Testing is the clearest example, and it doubles the testing surface — but the two halves come from different phenomena.

Indeterminism doubles the test runs. The same prompt produces different outputs across runs due to sampling, so you can't assert equality — you test the distribution. This requires statistical techniques (run N times, check pass rates, set confidence thresholds) where traditional code needs a single assertion.
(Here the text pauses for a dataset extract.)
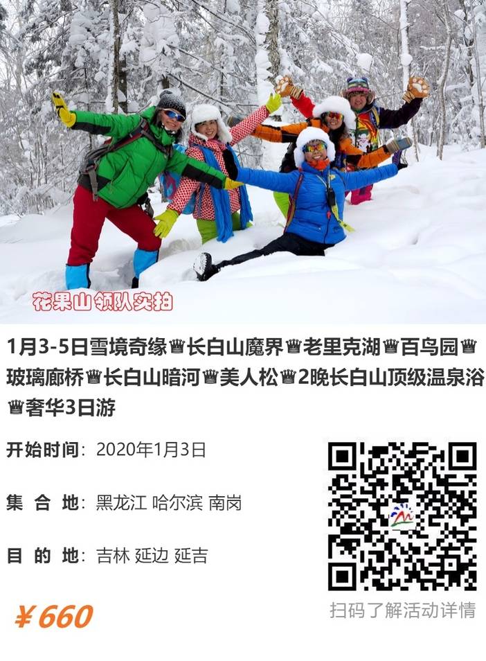 █1月3-5日 雪境奇缘♛延吉老里克湖♛长白山魔界♛长白山野鸭湖百鸟家园♛廊桥玻璃栈道♛美人松世界雕塑园♛长白山暗河景区♛洛河文化园♛2晚长白山五星顶级温泉♛奢华品质三日游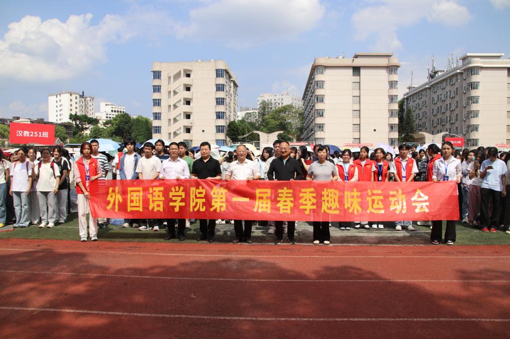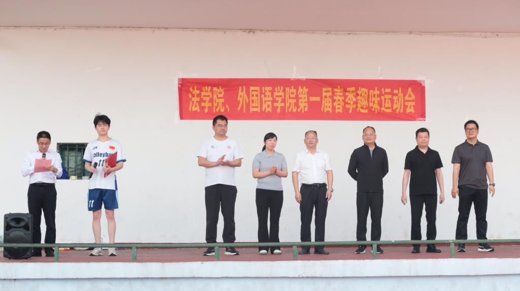 本网讯 为丰富校园文化生活,增强学生体质,促进学生之间的交流,4月18日下午,我院与法学院共同举办的第一届春季趣味运动会在红旗校区田径场顺利举行,社会科学学部办公室主任兼分管日常工作的副部长王小元、我院党委书记郭雁、法学院党委副书记欧阳鹏、巴基斯坦研究中心主任程渊、我院副院长李火秀、法学院副院长孟春阳以及两院辅导员、班主任和全体本科生、研究生共同参与。开幕式由我院学工办主任兼团委书记韩民主持。

Underspecification doubles the test targets. In deterministic code there's no gap between what the code says and what it does, so you only test outputs. With natural-language specs, the instructions admit multiple valid interpretations — you need to test the instructions themselves (are they consistent? unambiguous? sufficiently constraining?) as well as the outputs. A prompt that consistently produces unwanted behavior isn't exhibiting noise; it's exhibiting a valid interpretation you didn't intend. The fix is rewriting the spec, not retrying.

The two phenomena compound: you're testing an underspecified specification executed by an indeterministic engine. Each requires different techniques — statistical testing for indeterminism, structural analysis for underspecification — and conflating them leads to misdiagnosis.

Why the practices transfer

Both domains solve the same problems: making behaviour predictable, making systems composable, making artifacts verifiable. The underlying concepts (type theory, compilation, contracts) explain why a practice works in both settings. Thalo demonstrates the endpoint: a system that built a full compiler (Tree-Sitter grammar, LSP, 27 validation rules) for knowledge management, taking typing and testing to their logical extreme. Crystallisation systematises these transfers — the accumulated prompt adjustments, output post-processing, and workflow changes that every deployed system accumulates are exactly these programming practices applied informally. The motivation is practical — these are things we do, not abstractions we admire.

Open Questions

  • What other programming practices haven't been applied yet but could be? (Code review for prompts? Dependency injection for context? Refactoring patterns?)
  • Where do the practices break down — which ones mislead when applied to systems with underspecified instructions?
  • Can we develop prompt-native practices that have no programming equivalent?